Source data:
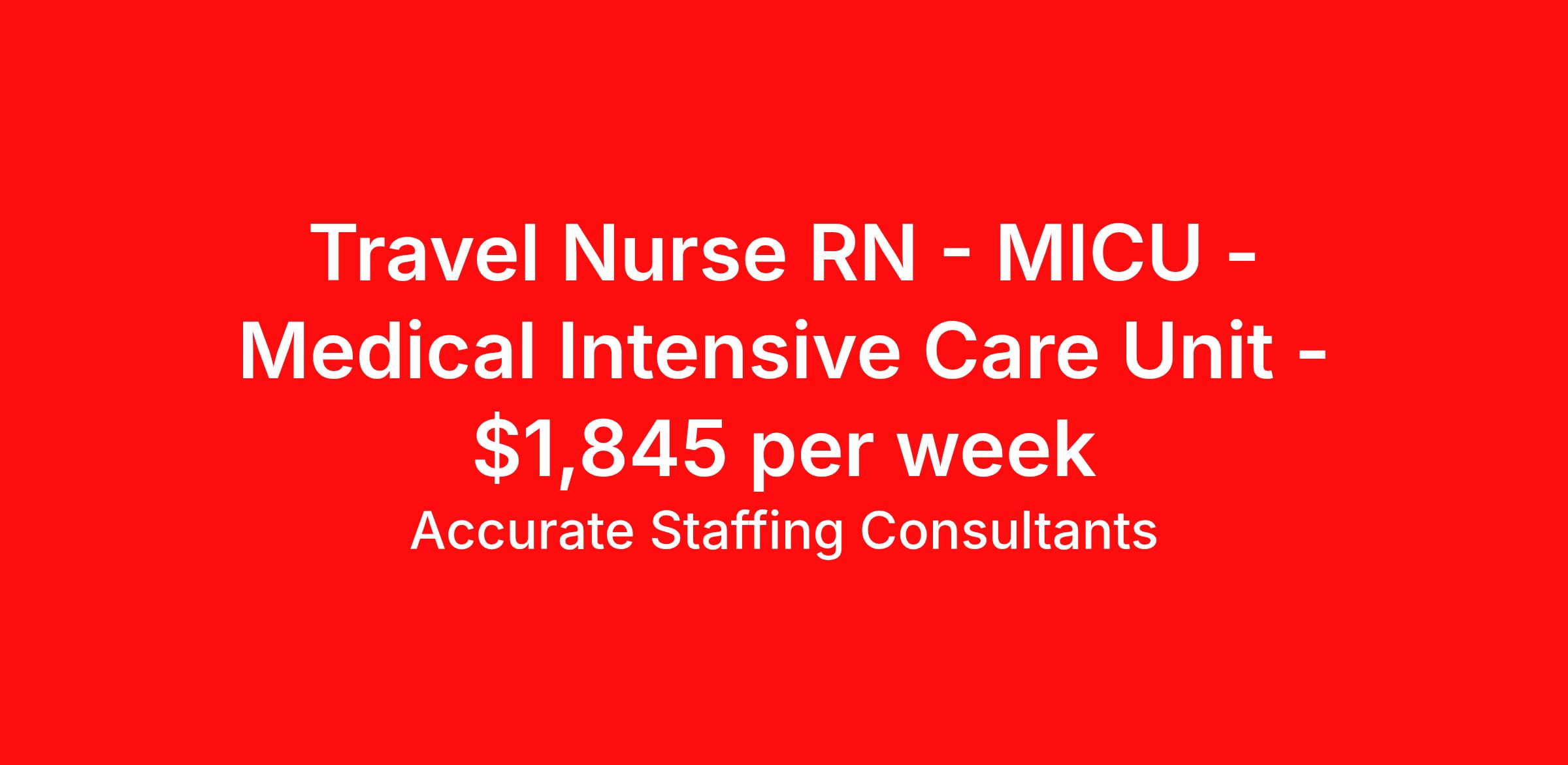 Accurate Staffing Consultants is seeking a travel nurse RN MICU - Medical Intensive Care Unit for a travel nursing job in Monroe, North Carolina. Job Description & Requirements Specialty: MICU - Medical Intensive Care Unit Discipline: RN Start Date: 03/23/2026 Duration: 12 weeks 36 hours per week Shift: 12 hours, nights Employment Type: Travel AccurateStaffing Job ID 4433. Pay package is based on 12 hour shifts and 36 hours per week (subject to confirmation) with tax-free stipend amount to be determined. Posted job title: RN - Medical Intensive Care Unit
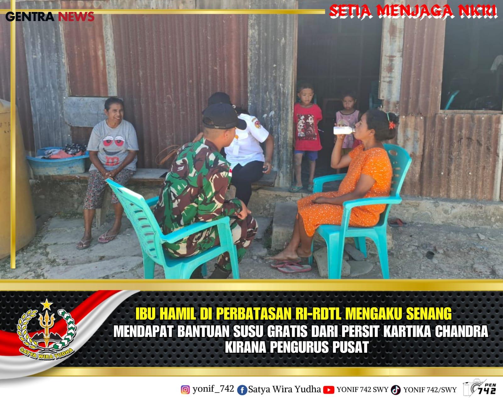 Gentra News NTT – Belu, Ibu hamil diperbatasan RI-RDTL mengaku senang karena rutin mengkonsumsi susu gratis bantuan dari Persit Kartika Chandra Kirana Pengurus Pusat, yang dibagikan oleh Satgas Yonif 742/SWY berkolaborasi dengan Puskesmas setempat. Rabu (4/9/2024)
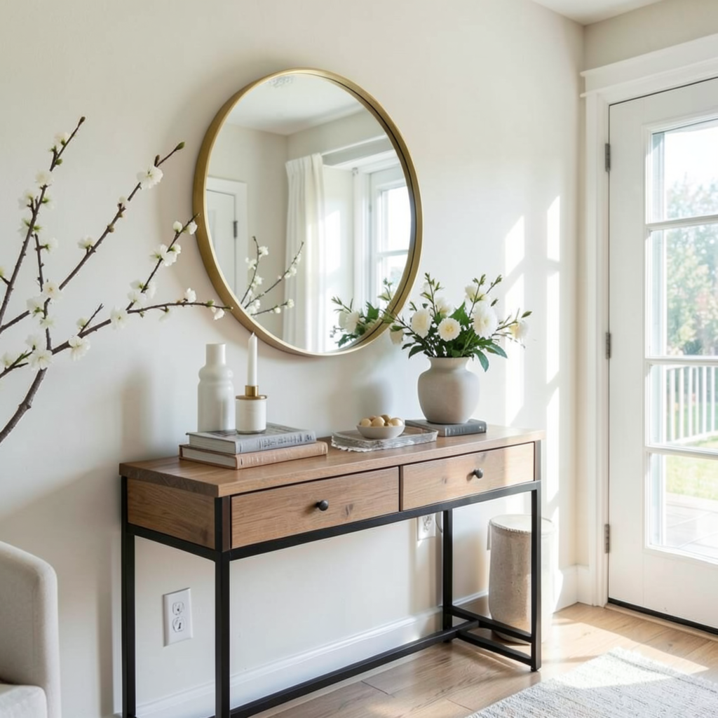 The goal isn’t to overcrowd the area with seasonal items. Instead, a few intentional updates—fresh greenery, light textures, and reflective surfaces—can instantly transform the atmosphere. These spring decor ideas help create an entry that feels elevated, functional, and effortlessly beautiful.
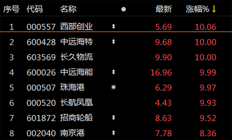 航运概念股继续走强。截至发稿,中远海特、中远海能等多股涨停,珠海港、长航凤凰、招商轮船等个股纷纷跟涨。
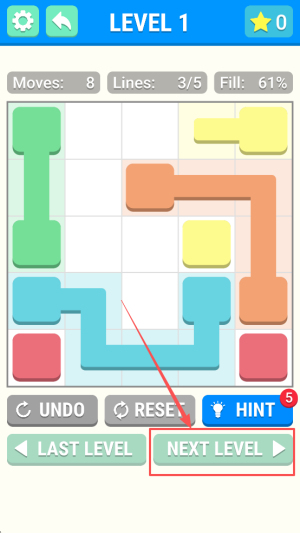 4、完成后点「NEXT LEVEL」;步数不够点「RESET」重画或「HINT」看提示。
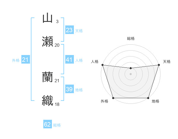 山瀬 蘭織さんの外格は21画の5点!
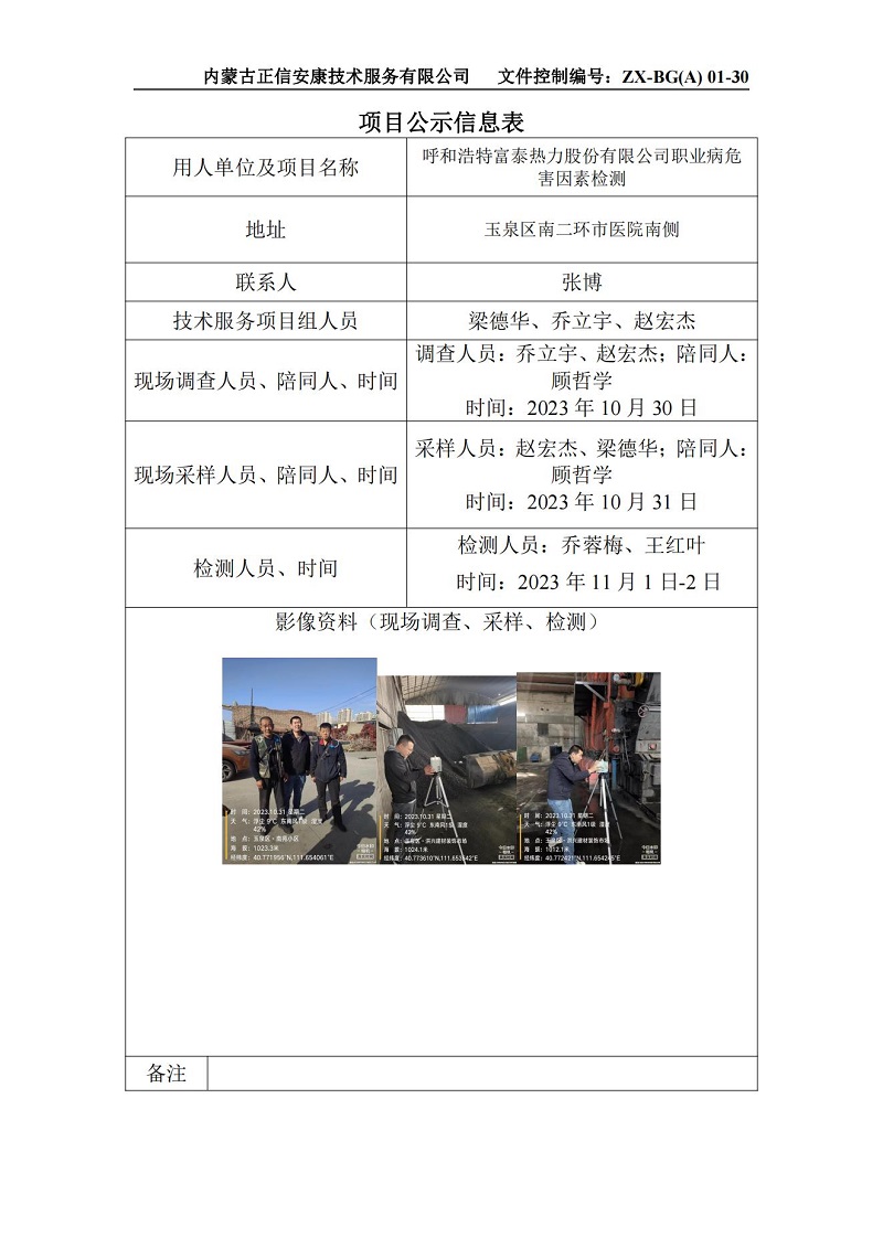 呼和浩特富泰热力股份有限公司职业病危害因素检测项目公示信息表(1)_

Task requirements: Only one thing is required: an exact printout of the lines from the line containing "The goal isn’t" through the last line of the records, pictures excluded.

Result:
 The goal isn’t to overcrowd the area with seasonal items. Instead, a few intentional updates—fresh greenery, light textures, and reflective surfaces—can instantly transform the atmosphere. These spring decor ideas help create an entry that feels elevated, functional, and effortlessly beautiful.
 航运概念股继续走强。截至发稿,中远海特、中远海能等多股涨停,珠海港、长航凤凰、招商轮船等个股纷纷跟涨。
 4、完成后点「NEXT LEVEL」;步数不够点「RESET」重画或「HINT」看提示。
 山瀬 蘭織さんの外格は21画の5点!
 呼和浩特富泰热力股份有限公司职业病危害因素检测项目公示信息表(1)_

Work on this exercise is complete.